(Items from a data source)
· · ·
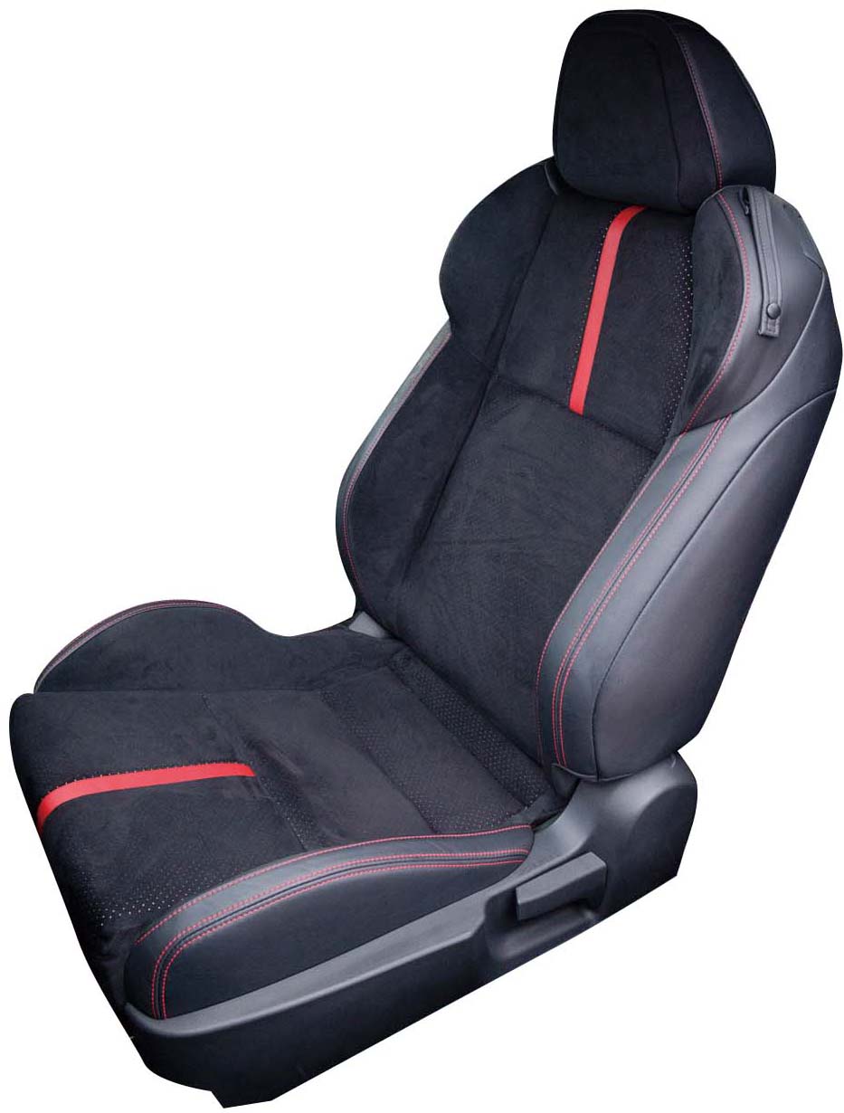 シート形状はホールド性が高く、スポーティな走りにピッタリですが、クッションも厚みがあって座り心地も良好です。さらに、スエード地と本革を組み合わせたコンビネーション表皮が採用されていて、質感が高いです。
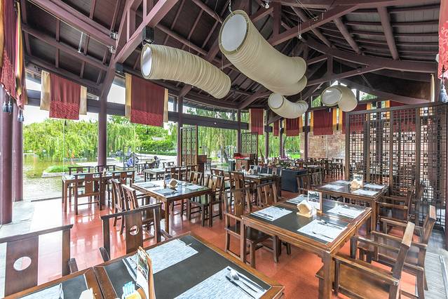 听花堂的室内环境比较古韵带有高端典雅的气息,这种环境相当有讲究,无论是装修格调还是风水格局,都是相当有考究的。大堂总共有三大部分组合而成,分别是进门口处的前台办理处、中庭茶闲聊的下午茶吧区以及早餐厅区域。
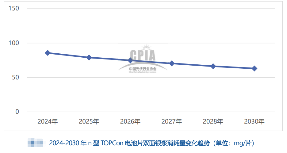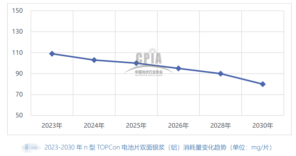 (2)n型TOPCon電池雙面銀漿平均消耗量約86mg/片,由于2024年激光誘導(dǎo)燒結(jié)技術(shù)(Laser Induced Firing,LIF)對激光選擇性發(fā)射結(jié)技術(shù)(Laser Selective Emitter,LSE)的大規(guī)模替代,TOPCon電池已無需使用銀鋁漿;同時由于未來0BB、賤金屬等技術(shù)的大規(guī)模應(yīng)用,銀漿耗量將加速下降。
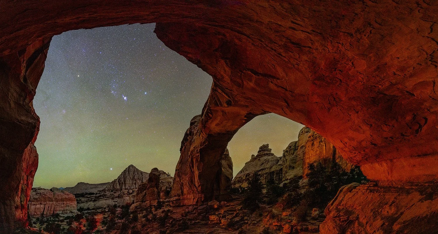 Nighttime view of a desert landscape with a natural rock arch, starry sky, and some distant rock formations in Capitol Reef National Park.
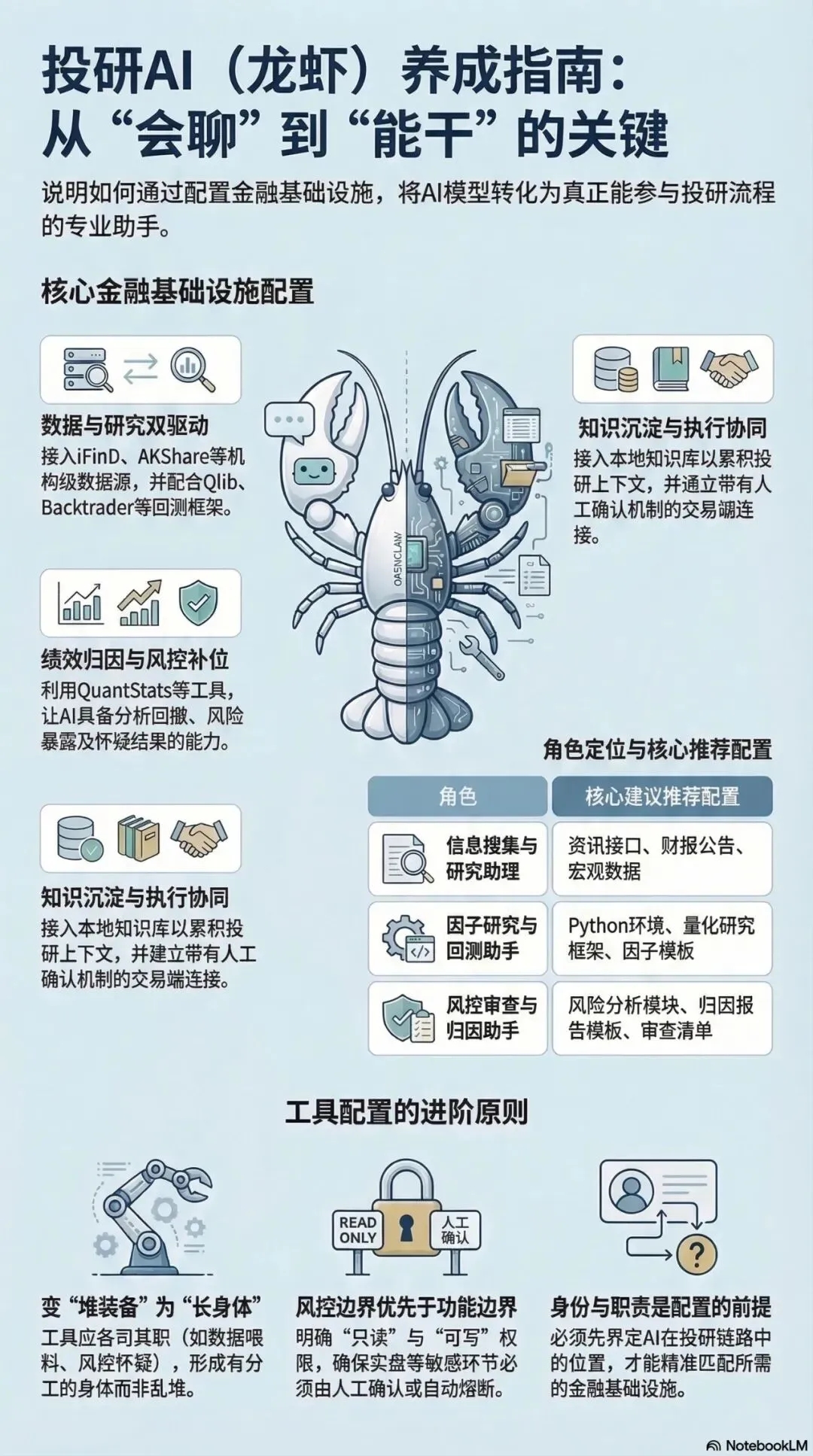 真正养得好的投研龙虾,不是天天越权去碰最危险的东西,而是:
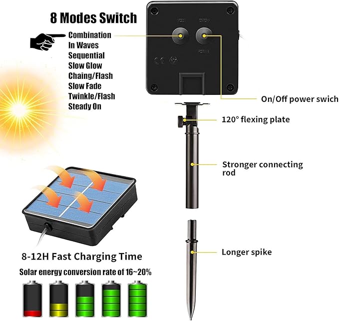 - 💡【Up to 19% High Energy Conversion Rate】Our solar rope lights are equipped with 100 low-heat LED chips, achieving a high energy conversion rate of up to 19%, compared to the industry standard of 13%. These lights are not only environmentally friendly, harnessing endless energy from the sun, but also durable and safe to use. The LEDs will not overheat even after hours of usage.
· · ·
*Description of the task*
Keep the pictures out, and write out the rest of the data above word for word.

*Exercise result*
 シート形状はホールド性が高く、スポーティな走りにピッタリですが、クッションも厚みがあって座り心地も良好です。さらに、スエード地と本革を組み合わせたコンビネーション表皮が採用されていて、質感が高いです。
 听花堂的室内环境比较古韵带有高端典雅的气息,这种环境相当有讲究,无论是装修格调还是风水格局,都是相当有考究的。大堂总共有三大部分组合而成,分别是进门口处的前台办理处、中庭茶闲聊的下午茶吧区以及早餐厅区域。
 (2)n型TOPCon電池雙面銀漿平均消耗量約86mg/片,由于2024年激光誘導(dǎo)燒結(jié)技術(shù)(Laser Induced Firing,LIF)對激光選擇性發(fā)射結(jié)技術(shù)(Laser Selective Emitter,LSE)的大規(guī)模替代,TOPCon電池已無需使用銀鋁漿;同時由于未來0BB、賤金屬等技術(shù)的大規(guī)模應(yīng)用,銀漿耗量將加速下降。
 Nighttime view of a desert landscape with a natural rock arch, starry sky, and some distant rock formations in Capitol Reef National Park.
 真正养得好的投研龙虾,不是天天越权去碰最危险的东西,而是:
 - 💡【Up to 19% High Energy Conversion Rate】Our solar rope lights are equipped with 100 low-heat LED chips, achieving a high energy conversion rate of up to 19%, compared to the industry standard of 13%. These lights are not only environmentally friendly, harnessing endless energy from the sun, but also durable and safe to use. The LEDs will not overheat even after hours of usage.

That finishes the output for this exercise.